为什么我需要返回函数的指针

Question

I haven't programmed with pointers for a long time and I do not remember when I need to return a char * or not! Let me make a example:

#include <stdio.h>
#include <stdlib.h>
#include <string.h>
#include <unistd.h>
#include <ctype.h>
#include <sys/wait.h> 

void AllocMemory(char** buf);

int main(){
    
   char *array;

   AllocMemory(&array);

   printf("%s", array); //Printing and I dont make return
   
   free(array);

   return 0; 
}
    
void AllocMemory(char** buf){
    
    int bufSize = 10;
    int stringSize;
        
    *buf = calloc(bufSize, sizeof(char)); 
        
    if(*buf == NULL){
        printf("[ERROR] can't malloc %d bytes\n", bufSize);
        exit(1);
    }
    char *readpos = *buf; //point to a pointer of your array!
        
    while(1){   //looping until the alocated memory is enough to the inserted command

        do{

            fgets(readpos, bufSize, stdin); //reads a line from the specified stream

            stringSize = strlen(*buf); //getting the size of the array

            if (stringSize == 1)
            {
                printf("\nYou just pressed enter, pls type again: "); //checking if user just pressed enter
            }

        }while (stringSize == 1); //looping until user press only enter

    
        if (readpos[strlen(readpos)-1] == '\n'){ //Search from the end as there's where the newline should be if exists, the string fits on array and doesnt need to allocate more memory
                readpos[strlen(readpos)-1] = '\0';     //Remove \n from the string
                break;
        }   

        
        *buf = realloc(*buf, bufSize + stringSize * sizeof(char)); // Need to allocate more memory, because the before if its false
        if(*buf == NULL){
            printf("[ERROR] can't realloc more %d bytes\n", bufSize+stringSize);
            exit(1);
        } 

        readpos = *buf + stringSize; // Set the pointer to next position to read into 
    }
        
}

So in this case I think I don't need to return a char* , but sometimes I need to return it, I and I am wondering if its when its when the parameter is send as example:

char *examplefunc(char *buf){
   //Code here
}

So my question can be bad, but what I need to know, is when I need to return the char * or not!

void redirection(char** stringSplited, char** cRedirection, char** fRedirection){ 

   //I has splited the `stringSplited` here and save some parameters do `cRedirection and to fRedirection`and I do not need any return;
}

Answer 1

It's always possible to change return value to output parameters. For instance, here are two functions that both add two numbers.

int add1(int a, int b) {
    return a+b;
}

void add2(int a, int b, int *output) {
    *output = a+b;
}

And then you invoke them just a little bit differently. But they work the same way.

int x, y;
x = add1(5, 6);
add2(5, 6, &y);

This is not different just because it's a pointer. A pointer is just a variable containing a memory address. The function realloc has this signature:

void *realloc(void *ptr, size_t size)

But that's just a design choice. This would work just as good:

void realloc(void *ptr, size_t size, void **output)

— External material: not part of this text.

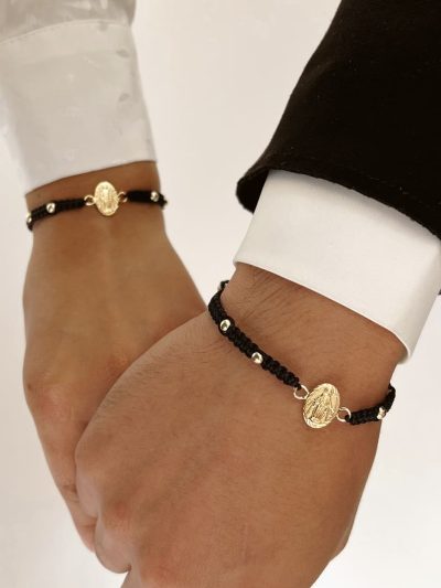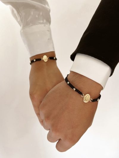 PULSERA TEJIDA NEGRA MILAGROSA TROQUELADA 12MM NUDO PLANO BALIN 4MM

Or to put it in more general terms, this function:

T foo(<params>) {
    ...
    return <expr>;
}

can be converted to this:

void foo(<params>, T *output) {
    ...
    *output = <expr>;
}

The easiest way is to just write it as a wrapper:

void new_foo(<params>, T *output) {
    *output = old_foo(<params>);
}

Or vice versa:

T *new_foo(<params>) {
    T *ret;
    old_foo(<params>, ret);
    return ret;
}

My confusion was why I need to return a char* if I can declare it in function like this void examplefucn(char ** buf);

You don't have to.

Answer 2

Pointers are just a reference (address) pointing to some memory. If you pass char* to a function, then the function will be able to use it to change the content stored at this address ; and naturally, the address you pass hasn't changed, so you may use the pointer you provided even outside of that function.

You want to pass a char** when you want to modify a pointer itself and not the content it points to. In your example, you provide a char** to your AllocMemory() function, and it allocates memory at the address (which would be of type char* ) pointed to by your double pointer buf . Returning anything is unnecessary, as you've modified the memory adequately, and so array in your main() will point to an address that has been initiated in your function. This address will point to the memory you initiated and manipulated in your function.

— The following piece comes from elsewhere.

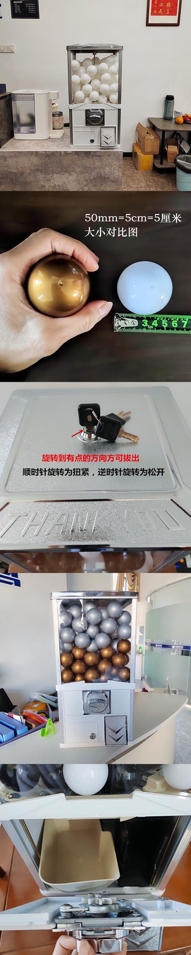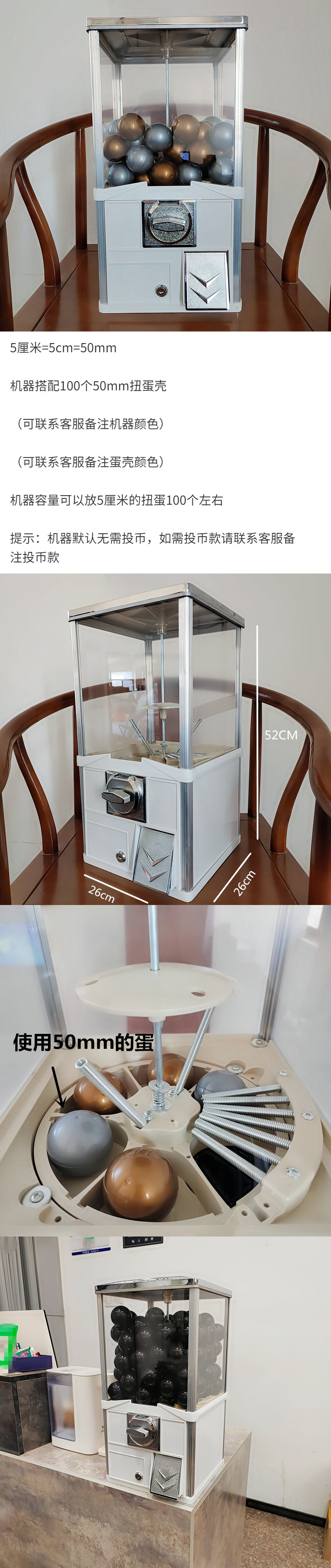 • 흰색 사각형 기계 - 50mm+100 은색 공을 직접 비틀어냅니다.

You're confused over whether or not to return values because you don't seem to fully grasp how pointers work - understandably so, it's an unintuitive idea. But if you understand what you are accessing and the difference between a pointer char* and a pointer to a pointer char** , then you'll know when you want to return a pointer and when it's unnecessary. It depends on the context, and it's unnecessary in this case.